The full Strawberry Moon rises on Tuesday, June 14, 2022. This year, it’s a supermoon! Learn all about this month’s full Moon, including why it’s called the Strawberry Moon!
When to See the Full Moon in June 2022
In the evening of Tuesday, June 14—just after sunset—look towards the southeast to watch the full Moon rise gently above the horizon. There, it will appear large and golden hued.
June’s full Moon will reach peak illumination at 7:52 A.M. Eastern Time on June 14, but will not be visible in North American time zones until later that night, when it drifts above the horizon. Consult our Moonrise and Moonset Calculator to see when it will appear in your area.
A Strawberry Supermoon
This full Moon will be the second supermoon of 2022! The full Moon will appear big and bright this month as long as we enjoy dark, clear night skies.
The common definition of a supermoon is any full Moon that is at a distance of at least 90% of perigee (which is the point at which the Moon is closest to Earth). June’s full Moon stands at 222,238.4 miles (357,658 km) away—comfortably within that cut-off point.

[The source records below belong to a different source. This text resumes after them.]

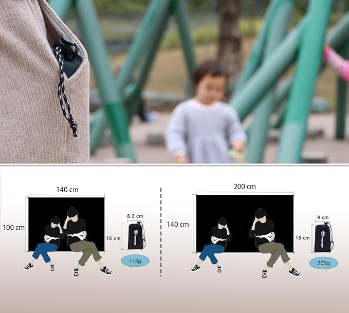 - Foldable, Compact, Lightweight -This 55" x 39" packable blanket is large enough for 1 Adults or 2 Children to sit comfortably while compact picnic blanket can be folded and put in given drawstring bag. It fits purse and small bag well. it’s so compact even can be put in your pocket. Hook it onto your backpack, throw it in your bag or keep it in your car. It’s less lightweight than most smartphones, a perfect small picnic blanket for outdoor recreation, a good small tarp as ground cover.
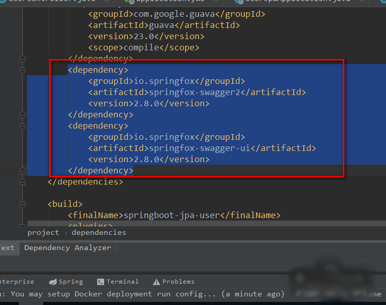 <dependency> <groupId>io.springfox</groupId> <artifactId>springfox-swagger2</artifactId> <version>2.8.0</version> </dependency> <dependency> <groupId>io.springfox</groupId> <artifactId>springfox-swagger-ui</artifactId> <version>2.8.0</version> </dependency>
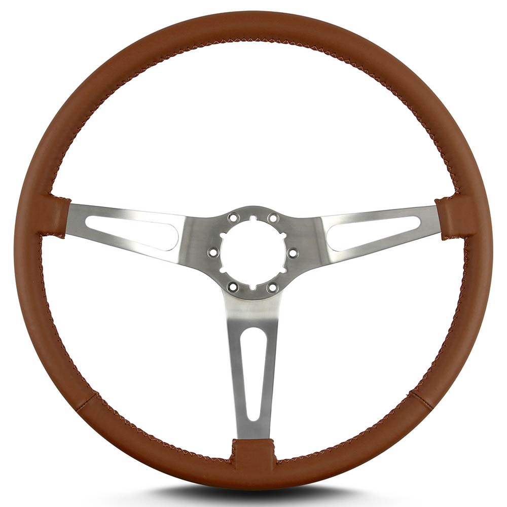 Teardrop 3 Spoke 15" Satin Steering Wheel Thin Grip- Caramel

Why Is It Called the Strawberry Moon?
The full Moon names used by The Old Farmer’s Almanac come from a number of places, including Native American, Colonial American, and European sources. Traditionally, each full Moon name was applied to the entire lunar month in which it occurred, not solely to the full Moon.
The Strawberry Moon
June’s full Moon—typically the last full Moon of spring or the first of summer—has traditionally been called the Strawberry Moon.

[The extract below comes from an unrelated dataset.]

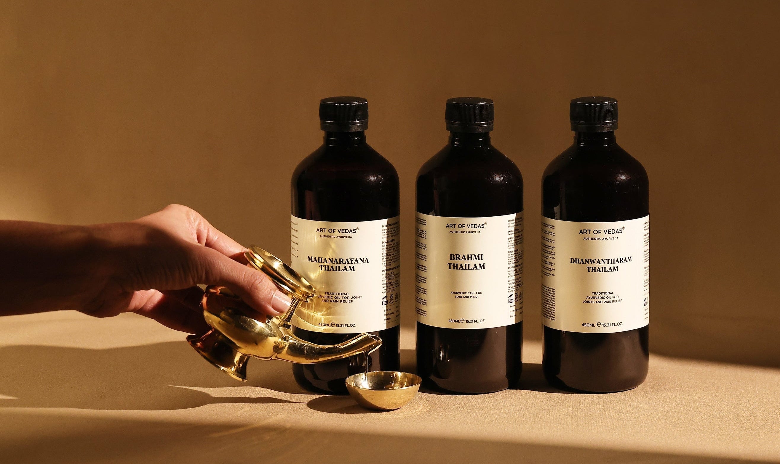 Meer dan 20 klassieke kruidenoliën voor Abhyanga, lichaamsverzorging, haarverzorging en dagelijkse Ayurvedic rituelen. Vind de juiste Thailam voor jou.
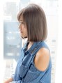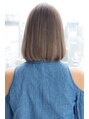 ナチュラルなボブのスタイルです。ブローだけでさらっとまとまるように調節していますよ!!お色はネイビーベージュで透明感とツヤ感を演出します。くせや広がりが気になる方は縮毛矯正やストレートパーマをご相談ください!!

This name has been used by Algonquin, Ojibwe, Dakota, and Lakota peoples, among others, to mark the ripening of ”June-bearing” strawberries that are ready to be gathered. The Haida term Berries Ripen Moon reflects this natural as well. As flowers bloom and early fruit ripens, June is a time of great abundance for many.

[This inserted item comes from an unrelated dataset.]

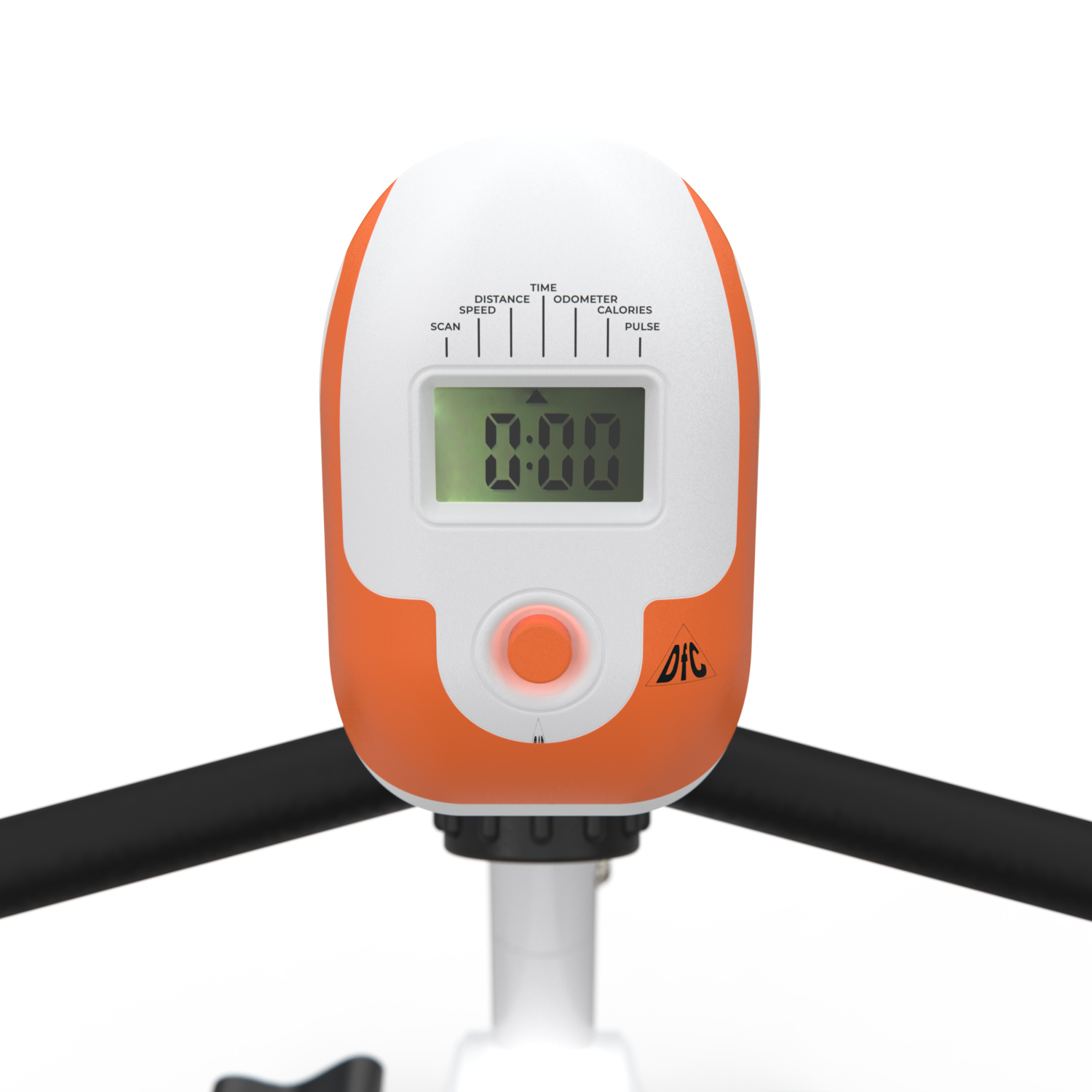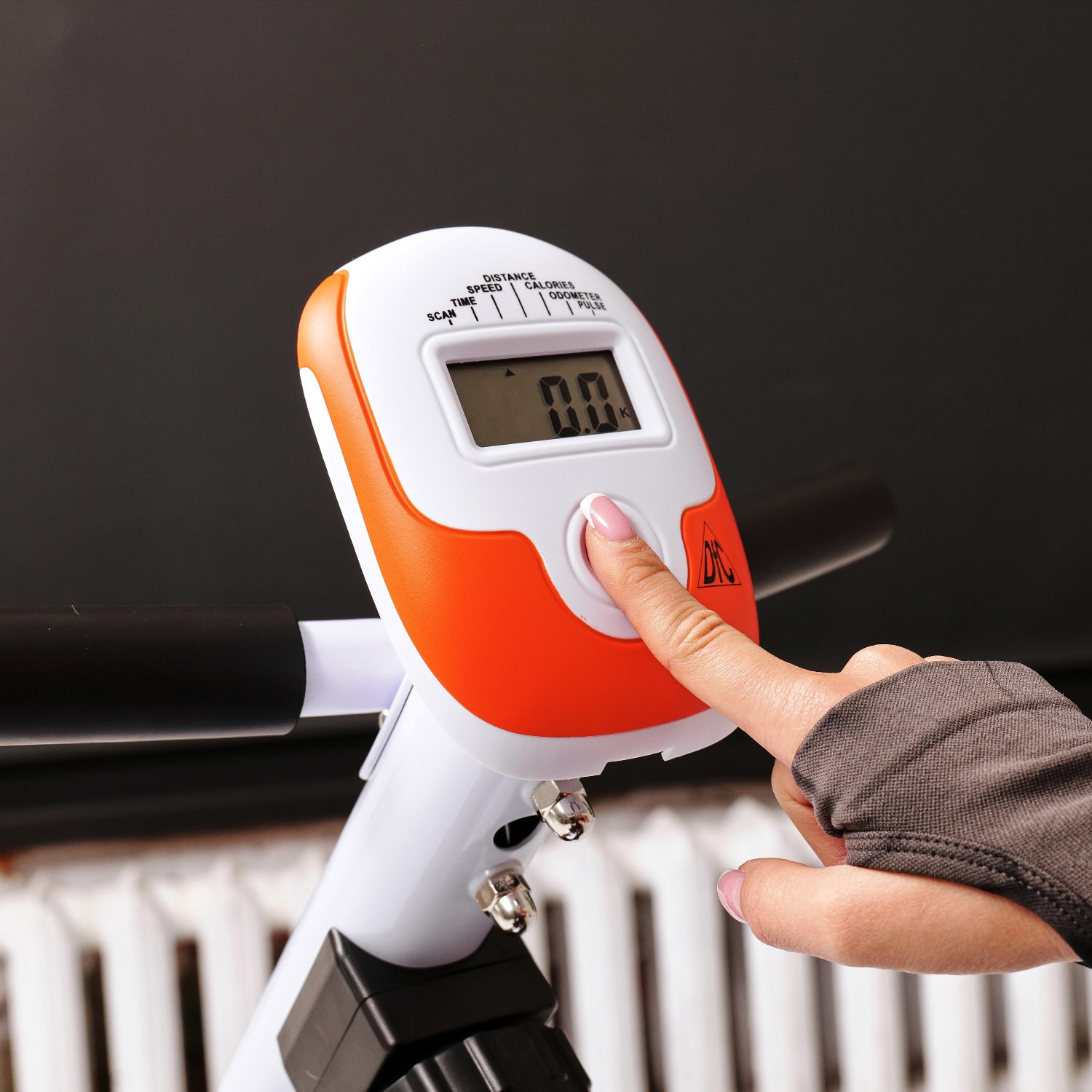 Показания дисплея: время, скорость, дистанция, калории, скан, пульс.
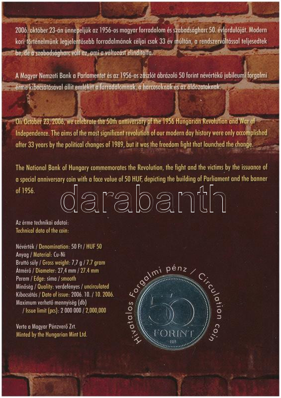 2006. 50Ft Cu-Ni "1956-os forradalom" emléklapon T:UNC

Alternative June Moon Names
Blooming Moon (Anishinaabe) is indicative of the flowering season, while Green Corn Moon (Cherokee) and Hoer Moon (Western Abenaki) suggest that it’s time to tend to young crops.
Other names highlight that this is a time of new life: The Tlingit have used the term Birth Moon, referring to the time when certain animals are born in their region (the Pacific Northwest). Egg Laying Moon and Hatching Moon are Cree terms that also hint at a time of many animal babies.
Alternative European names for this Moon include the Honey Moon and the Mead Moon. June was traditionally the month of marriages, and is even named after the Roman goddess of marriage, Juno. Following marriage comes the ”honeymoon,” which may be tied to this alternative Moon name!